DIGITAL LIBRARY
MEASURING CREATIVITY IN COMPUTER PROGRAMMING: A CLUSTERING APPROACH
1 Emory University (UNITED STATES)
2 Tel Aviv University (ISRAEL)
About this paper:
Appears in: EDULEARN24 Proceedings
Publication year: 2024
Pages: 7292-7301
ISBN: 978-84-09-62938-1
ISSN: 2340-1117
doi: 10.21125/edulearn.2024.1725
Conference name: 16th International Conference on Education and New Learning Technologies
Dates: 1-3 July, 2024
Location: Palma, Spain
Abstract:
Creative thinking is a valuable skill in professional and academic settings. Being able to quantitatively define and measure creativity is a fundamental step towards helping students improve it. However, in the context of computer programming, effectively measuring creativity is still an open problem.

In this paper, we present a framework based on clustering to assess the creativity of computer programmers from the code they wrote. In particular, we focus on measuring two dimensions of creativity:
(1) originality, i.e., how much an individual programmer's solution differs from other solutions to the same problem written by other programmers; and
(2) flexibility, i.e., how many substantially different solutions to the same problem an individual programmer is able to write.

First, we train a machine learning model to transform computer programs into code embeddings, which are numerical vectors summarizing the semantics of a program in a compact set of features. We then cluster the vectors corresponding to all the available solutions of a specific programming problem using density-based clustering algorithms. The obtained clusters represent groups of solutions that are semantically similar. We can then calculate an originality score for a new solution as the normalized minimum distance between that solution and all the cluster centers. If multiple solutions written by the same programmer are available, we can also determine a flexibility score for a programmer from the number of clusters that their solutions belong to.

We tested our approach using a dataset containing Java code submissions from four semesters of an introductory Computer Science course at Emory University. We used part of this dataset to train our machine learning model using the Code2Vec software; the remaining part was used for validation and testing. We experimented with multiple clustering algorithms, such as DBSCAN, HDBSCAN, and Mean Shift clustering. Our experiments indicated that Mean Shift was the most appropriate algorithm, as it produced a compact number of clusters with fewer noise points. We then calculated originality scores for students in our dataset for a specific programming problem. We observed that the distribution of the results is consistent with theoretical predictions.
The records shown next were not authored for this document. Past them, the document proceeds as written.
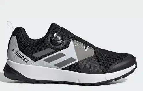 Wenn man lange auf den Trails unterwegs ist, darf es komfortabel sein. Damit gemeint sind sowohl Passform als auch ‚Schnürung‘. Beim Terrex Two ist das Boa System eingearbeitet, das für eine genaue Regulierung der Weite und einen dauerhaft guten Sitz sorgt. Passt unterwegs doch nicht so? Einfach kurz nachdrehen und weiterlaufen. Der Terrex Two sitzt gut am Fuß, der Vorfußbereich ist großzügig geschnitten, sodass sich der Fuß ausdehnen kann. Die Continental Sohle hält zuverlässig. Der Terrex Two ist kein Leichtgewicht, er spielt seine Stärken speziell bei langen Läufen im Gelände aus.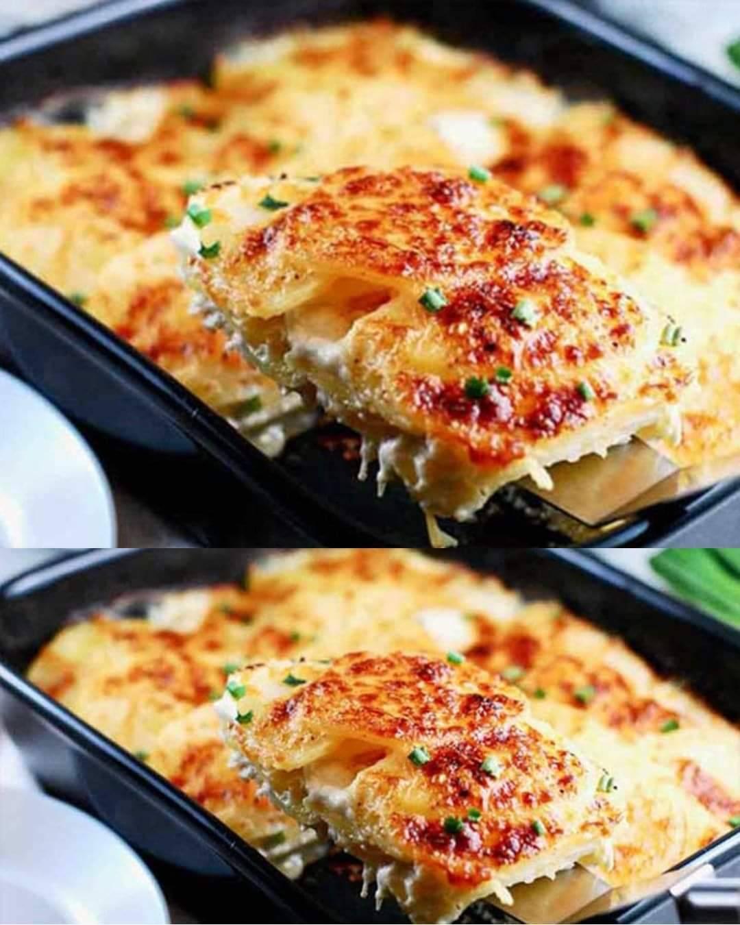 Pyszna zapiekanka ziemniaczana z cebulą Składniki: 2 kg ziemniaków 4 cebule Qs masło 30 cl mleka Qs Tarty Gruyere Szczypta soli i pieprzu do smaku Qs gałka muszkatołowa 1 słoik crème fraîche Qs natka pietruszki Przygotowanie: Kontynuuj na następnej stronie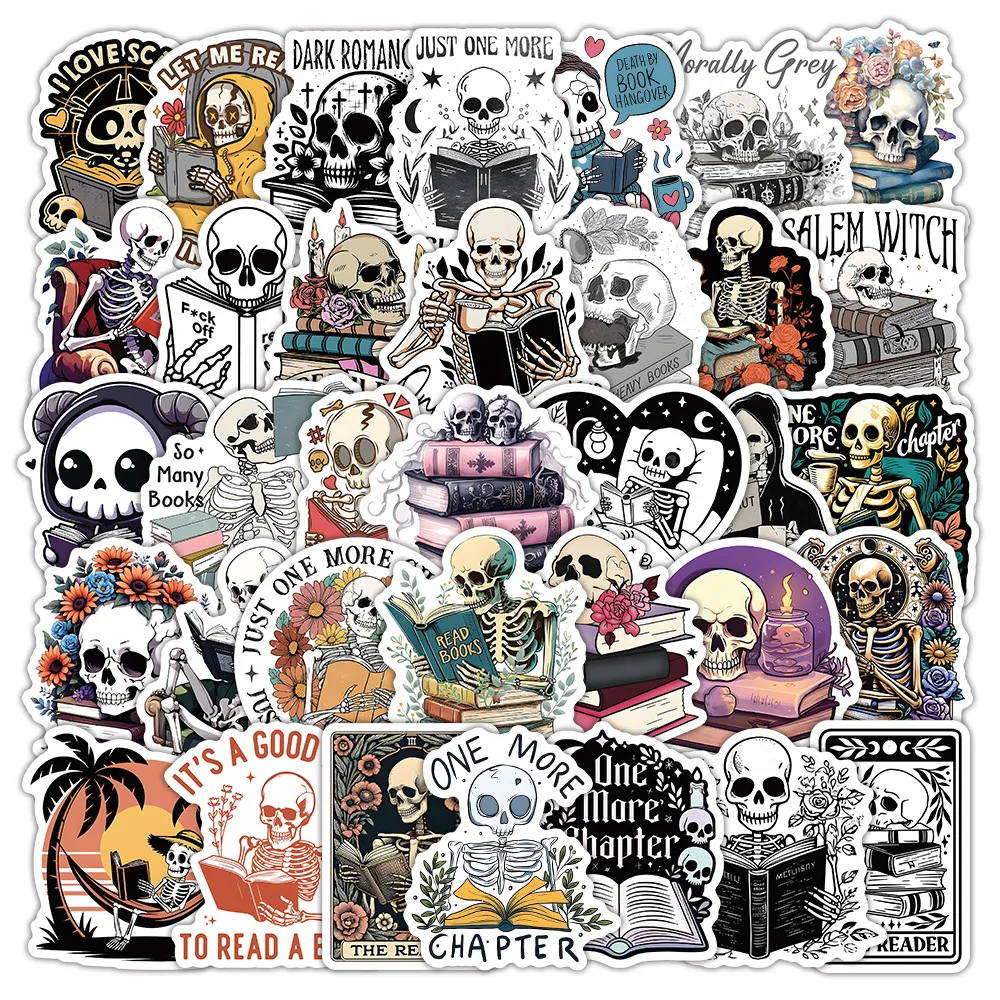 50PCS Creative Skeleton Read Horror Thriller Waterproof Stickers Decoration Notebook Mobile Water Cup Suitcase Graffiti Toys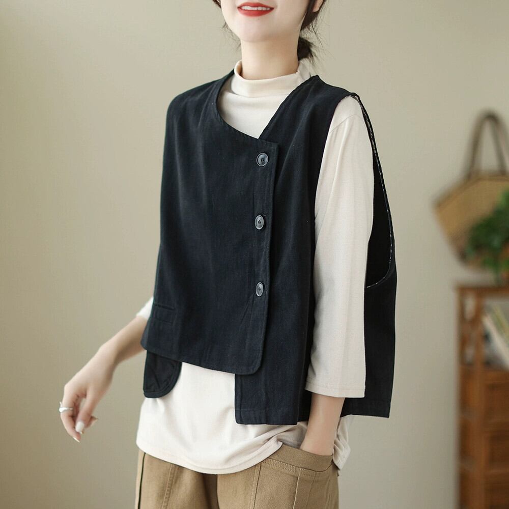 ese オリジナルシングル eign 貿易ビッグネーム女性のレトロツイルコットンベストショルダージャケットルーズ痩身ショートノースリーブトップ 半袖 ハーフスリーブ sine14973954215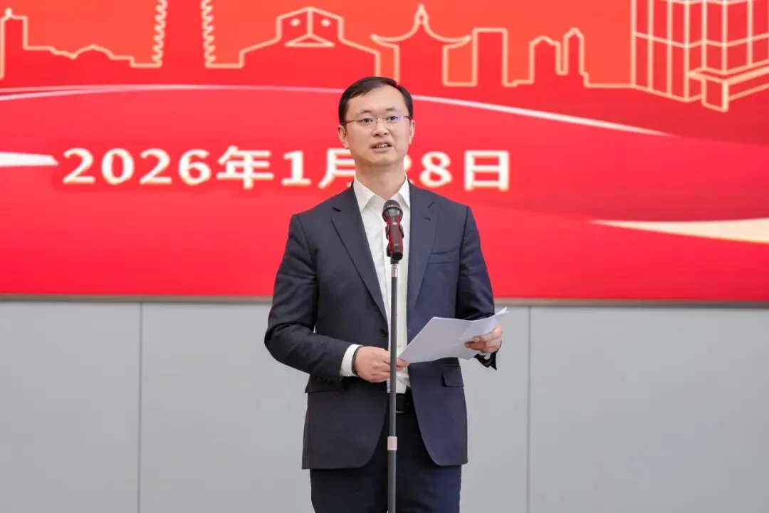 会上,集团党委副书记、总经理陆卫正式宣读了2026年度集团1号文件《关于坚持因地制宜发展新质生产力加快实现新兴产业链跨越式发展的实施意见》。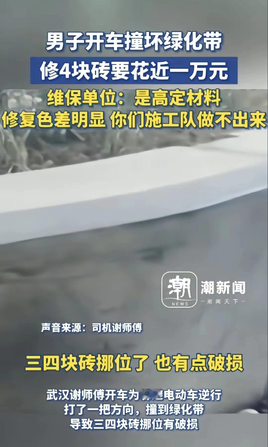 武汉的谢师傅开车时为了躲逆行的电动车,不小心撞到了绿化带,弄坏了几块砖。他本来以为修一下没多少钱,结果一问,维保单位说这是“高定材料”,修复要近一万元。 对方说这种砖颜色特殊,普通施工队做不出来,换了会有色差,所以必须由他们统一修复,价格自然就高了。 谢师傅这下傻眼了——几块砖居然这么贵。能走保险还好点,要不然这也太坑人了,以后开车可真得再小心点公共设施了。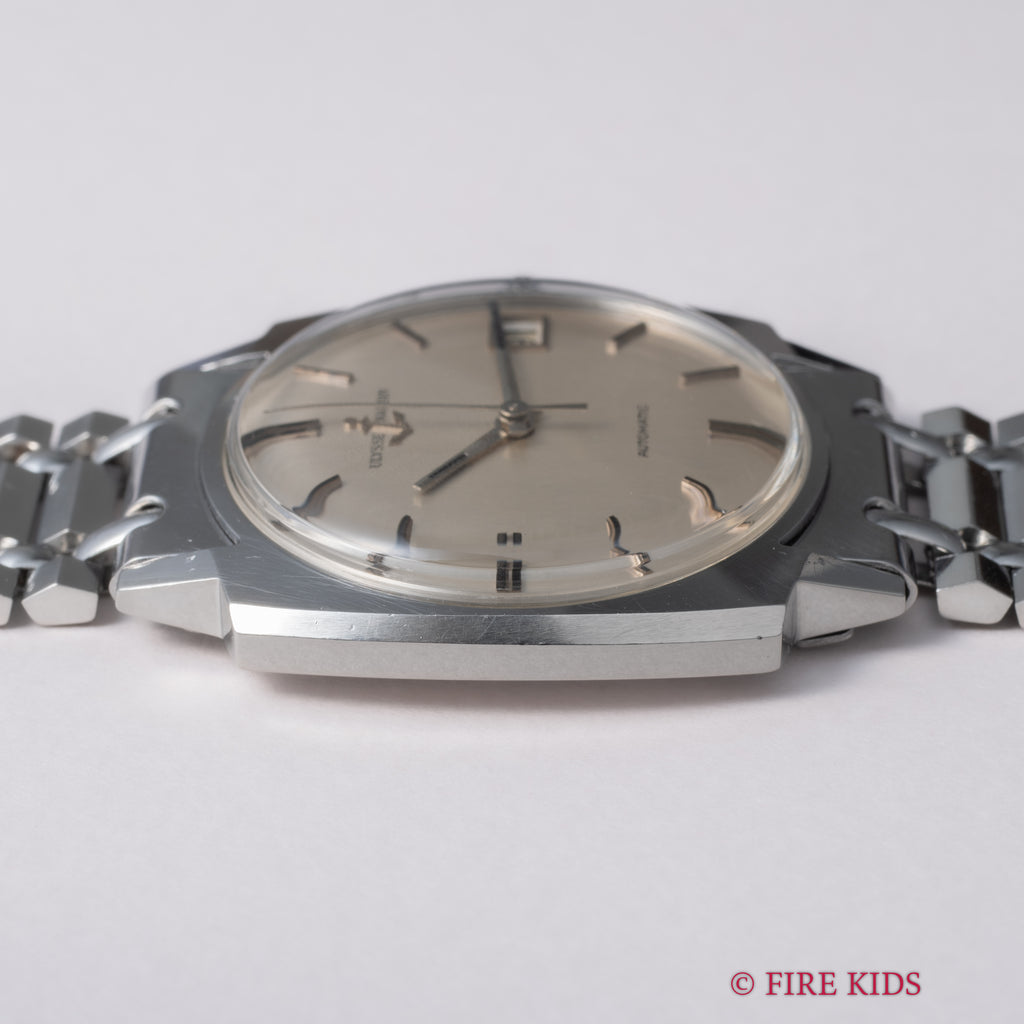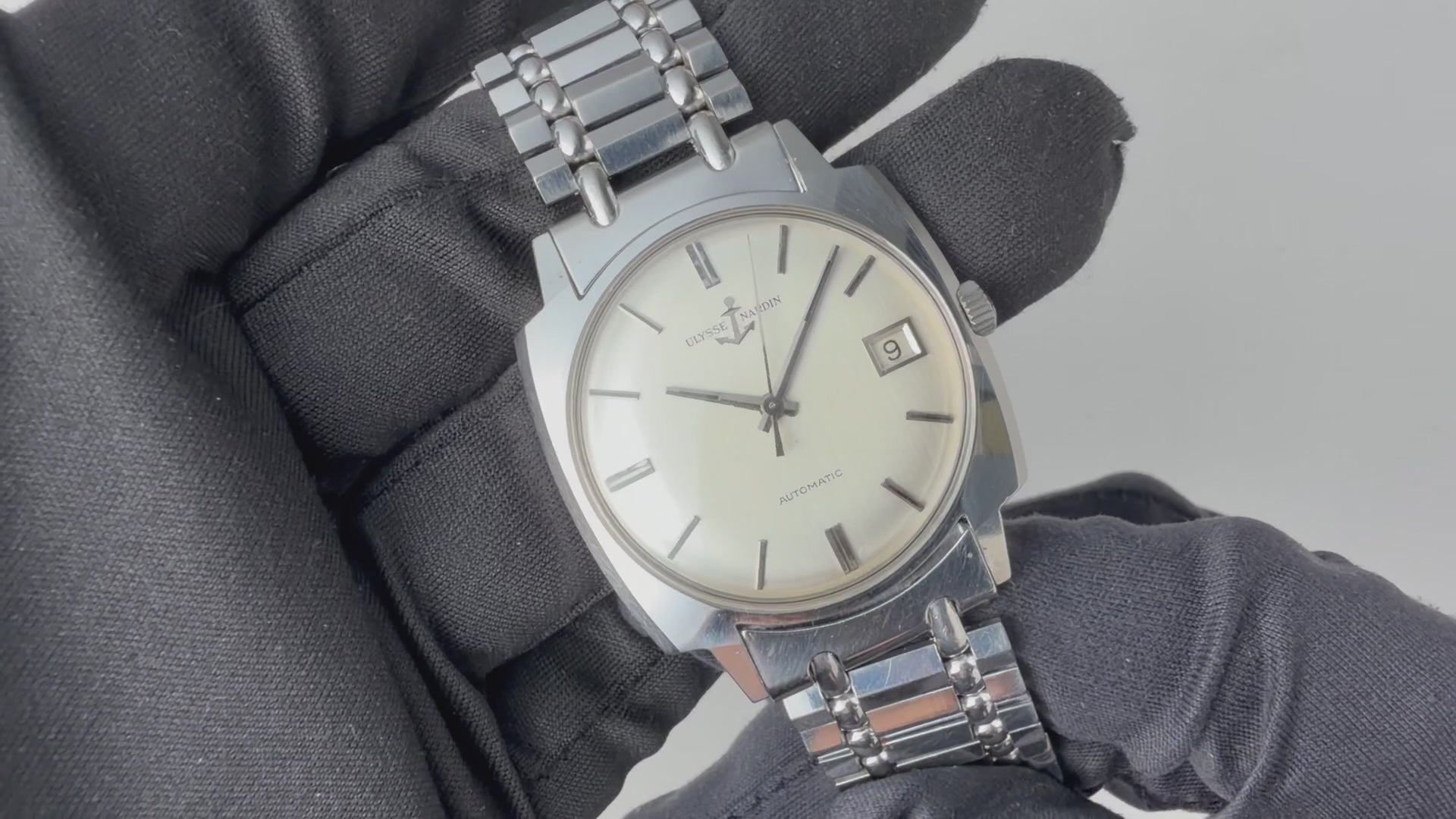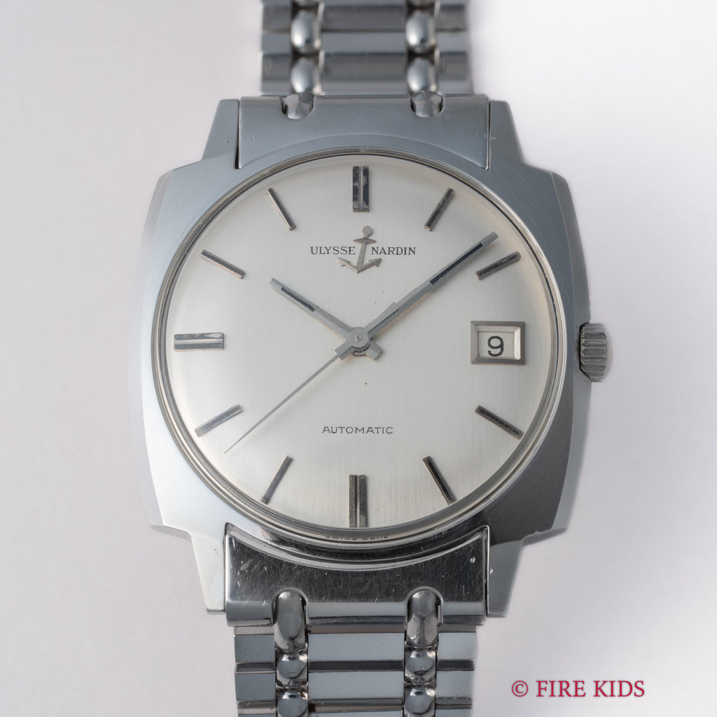 スイスの名門ユリスナルダン オートマチック1970年代製です。シンプルなクッションケースにシルバーダイヤルはヴィンテージ感ある品のある腕時計です。ダイヤルにはごくわずかな経年変化はありますが概ねキレイです。ケースも年代なりの経年や小傷、磨きはありますが大きなダメージはありません。ムーブメントはCal.N11HBです。手巻きや針回しはスムーズです。貴重な純正ステンレスブレス付です。こちらは分解掃除済です。

Moreover, we generated additional solutions for the same programming problem using ChatGPT, an Artificial Intelligence (AI) system able to generate computer code. We calculated originality scores for these AI-generated programs, and compared them with the originality scores of the solutions written by human students. We observed that these AI-generated programs had higher originality scores than the average human student in our dataset.

Our experiments showed the viability of our approach towards a computational definition and measure of creativity in computer programming, at least regarding the originality dimension of creativity. As a next step, we are currently collecting new data to test our approach for the flexibility dimension of creativity, which requires us to collect multiple solutions written by the same student.
Keywords:
Creativity, Originality, Computer Programming.